The plot below shows the Kalman Filter estimate of number of new cases per day (i.e. $ x $), along with the 1 standard-deviation upper and lower bounds on the estimate. For comparison, the estimates of $ x $ using a rolling, linear least-squares fit using 4-day, 7-day, and 14-day windows are also shown. Note that for the LLSQ fits the constant term, c0, obtained from the fit is plotted. The linear term, c1, will be used in the next section when we attempt to estimate the rate of change of new cases per day.
import notebook_helpers as nh
import pandas as pd
sddata = nh.load_data(nh.CSVFILEPATH)
# Find a baseline "quiet period variance" for scaling the measurement noise variance
qpv = sddata['TOTAL'].iloc[(sddata.index>=pd.Timestamp(2020,5,1))&(sddata.index<=pd.Timestamp(2020,5,31))].var()
(estimate_df,f) = nh.kf(sddata['TOTAL'],50*qpv,20)

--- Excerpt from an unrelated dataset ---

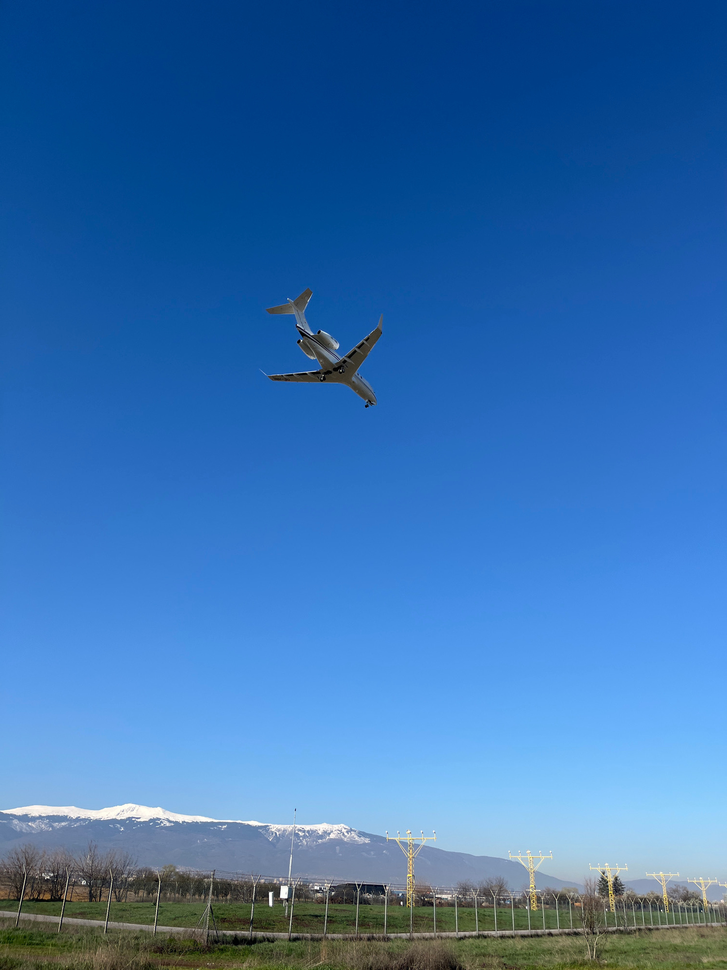 A low-angle shot captures a white aircraft in flight against a bright blue sky. On the right side of the image, there's a landscape featuring mountains with visible snow on the peaks, and a grassy are…read more

(fig,ax) = nh.plot_figure1(estimate_df)
As can be seen, the Kalman filter estimate of new cases per day responds quickly to changes in the process (an uptick in the underlying rate in new cases per day) but also remains relatively stable despite wide day-to-day swings in actual case counts due to random variation.
The Kalman Filter again outperforms LLSQ estimates when estimating how the number of new reported cases per day is changing. The Kalman Filter gives a more stable rate-of-change estimate than the 4-day and 7-day LLSQ windows. The 14-day LLSQ rate-of-change estimate seems comparable to the Kalman Filter rate-of-change estimate, but that is at the cost of slow response to changes in the underlying process as seen in the 14-day windowed estimates of $ x $ in the figure above.

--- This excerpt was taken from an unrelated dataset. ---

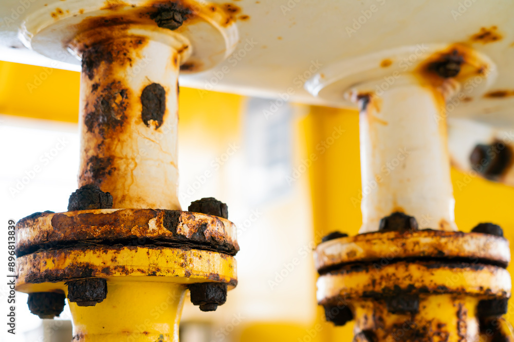 Close-up of corroded steel pipe, corrosion of steel, general corrosion, offshore petroleum pipelines. #896813839

(fig,ax) = nh.plot_figure2(estimate_df)
We can look a more closely at the Kalman Filter estimate for rate-of-change of new cases per day to study the trend in more detail. The plot in figure 3 below contains data through July 26, 2020. From figure 1, the number of new cases per day reported in San Diego County remained quite high hovering around 500 during the month of July. However the Kalman estimate for rate of change in new cases per day has been decreasing by about 0.5 cases per day and currently hovers around 0. Though it will take some time for the reported number of new cases per day to drop from 500 per day down to zero per day, if the current trend continues, perhaps we can expect the daily report to be closer to 485 per day by the end of August. If the county is to clear the case rate trigger definted by the Covid19 Monitoring Dashboard, the daily case rate needs to drop near 340 per day. (Assumed population of San Diego County is ~3400000.)
(fig,ax) = nh.plot_figure3(estimate_df)
Roger Labbe has written a gentle, programming-based introduction to Kalman and Bayesian Filters. I highly recommend his book. He is also the author of the open source python package filterpy, which I used to build the Kalman Filters in this analysis.
Pete Mayer is always a source of inspiring conversations and technical guidance.